What you need to do:
Give the data again exactly, without its images.

(Given information)

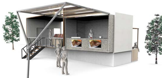
Figura 2. Escenario para clases

Se propone un comedor cultural itinerante que pueda ser trasladado sobre ruedas para recorrer distintos puntos del país y ofrecer temáticas regionales que varíen de manera mensual, con el objetivo de despertar la curiosidad de los comensales a través de la degustación de diversos platos típicos. El mismo brinda la posibilidad de que veinticinco personas, de manera gratuita, puedan disfrutar durante cuarenta minutos de las sensaciones ocasionadas por los sabores y por un conjunto de imágenes auditivas acorde a la región en cuestión [Figura 1]. Una vez finalizada la experiencia, los visitantes podrán aprender las recetas típicas en el exterior, con clases brindadas por cocineros especializados [Figura 2].
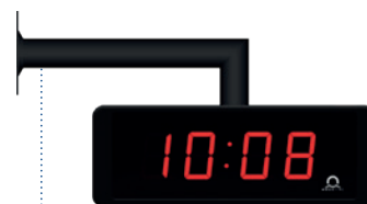
N.B Fixation avec console murale simple face

(End Given information)

Output of the exercise:
Figura 2. Escenario para clases

Se propone un comedor cultural itinerante que pueda ser trasladado sobre ruedas para recorrer distintos puntos del país y ofrecer temáticas regionales que varíen de manera mensual, con el objetivo de despertar la curiosidad de los comensales a través de la degustación de diversos platos típicos. El mismo brinda la posibilidad de que veinticinco personas, de manera gratuita, puedan disfrutar durante cuarenta minutos de las sensaciones ocasionadas por los sabores y por un conjunto de imágenes auditivas acorde a la región en cuestión [Figura 1]. Una vez finalizada la experiencia, los visitantes podrán aprender las recetas típicas en el exterior, con clases brindadas por cocineros especializados [Figura 2].
N.B Fixation avec console murale simple face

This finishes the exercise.